- _Dataset entries_
------------------------------------------------------------------------
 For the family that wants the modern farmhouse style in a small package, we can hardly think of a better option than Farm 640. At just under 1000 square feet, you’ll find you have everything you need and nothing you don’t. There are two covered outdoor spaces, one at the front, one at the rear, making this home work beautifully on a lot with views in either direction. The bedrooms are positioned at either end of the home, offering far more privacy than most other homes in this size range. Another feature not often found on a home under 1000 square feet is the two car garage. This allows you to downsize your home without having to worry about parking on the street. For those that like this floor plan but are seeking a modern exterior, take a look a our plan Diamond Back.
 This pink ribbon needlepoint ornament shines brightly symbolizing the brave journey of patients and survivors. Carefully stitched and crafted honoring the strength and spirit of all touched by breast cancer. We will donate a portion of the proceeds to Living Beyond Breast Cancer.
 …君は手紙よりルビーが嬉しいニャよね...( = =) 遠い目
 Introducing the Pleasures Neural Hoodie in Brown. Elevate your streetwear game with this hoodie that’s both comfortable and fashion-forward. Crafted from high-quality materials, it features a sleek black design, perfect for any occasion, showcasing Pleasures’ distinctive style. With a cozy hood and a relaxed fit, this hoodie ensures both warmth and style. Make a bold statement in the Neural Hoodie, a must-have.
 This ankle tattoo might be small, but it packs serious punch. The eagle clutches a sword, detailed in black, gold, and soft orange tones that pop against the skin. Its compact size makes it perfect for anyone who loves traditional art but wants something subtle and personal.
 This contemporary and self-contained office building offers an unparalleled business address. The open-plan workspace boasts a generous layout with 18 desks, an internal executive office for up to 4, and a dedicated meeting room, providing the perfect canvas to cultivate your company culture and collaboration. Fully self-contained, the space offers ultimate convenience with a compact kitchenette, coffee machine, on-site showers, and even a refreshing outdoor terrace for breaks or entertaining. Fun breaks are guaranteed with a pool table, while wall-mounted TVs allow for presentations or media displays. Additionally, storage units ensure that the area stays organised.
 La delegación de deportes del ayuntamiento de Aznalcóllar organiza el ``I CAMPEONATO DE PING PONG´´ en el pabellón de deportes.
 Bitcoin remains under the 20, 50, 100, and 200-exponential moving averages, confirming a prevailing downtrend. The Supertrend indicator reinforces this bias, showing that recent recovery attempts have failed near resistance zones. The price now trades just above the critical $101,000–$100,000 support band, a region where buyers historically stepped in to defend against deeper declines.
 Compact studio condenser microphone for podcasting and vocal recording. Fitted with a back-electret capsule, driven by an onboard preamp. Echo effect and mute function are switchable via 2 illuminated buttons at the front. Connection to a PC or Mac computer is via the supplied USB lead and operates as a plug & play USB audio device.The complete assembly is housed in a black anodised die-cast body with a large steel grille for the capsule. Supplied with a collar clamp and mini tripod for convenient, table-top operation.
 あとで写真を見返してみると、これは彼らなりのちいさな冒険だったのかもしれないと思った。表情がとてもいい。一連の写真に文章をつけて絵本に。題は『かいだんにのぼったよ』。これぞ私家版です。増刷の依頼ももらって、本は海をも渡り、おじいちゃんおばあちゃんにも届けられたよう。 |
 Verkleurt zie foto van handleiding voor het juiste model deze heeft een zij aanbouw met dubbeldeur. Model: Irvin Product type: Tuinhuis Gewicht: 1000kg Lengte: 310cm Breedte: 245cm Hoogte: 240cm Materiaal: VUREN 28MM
------------------------------------------------------------------------
- _Problem requirements_
Line count for "against": give the number of lines in the data above that include it, and nothing else.

- _Answer to the exercise_
2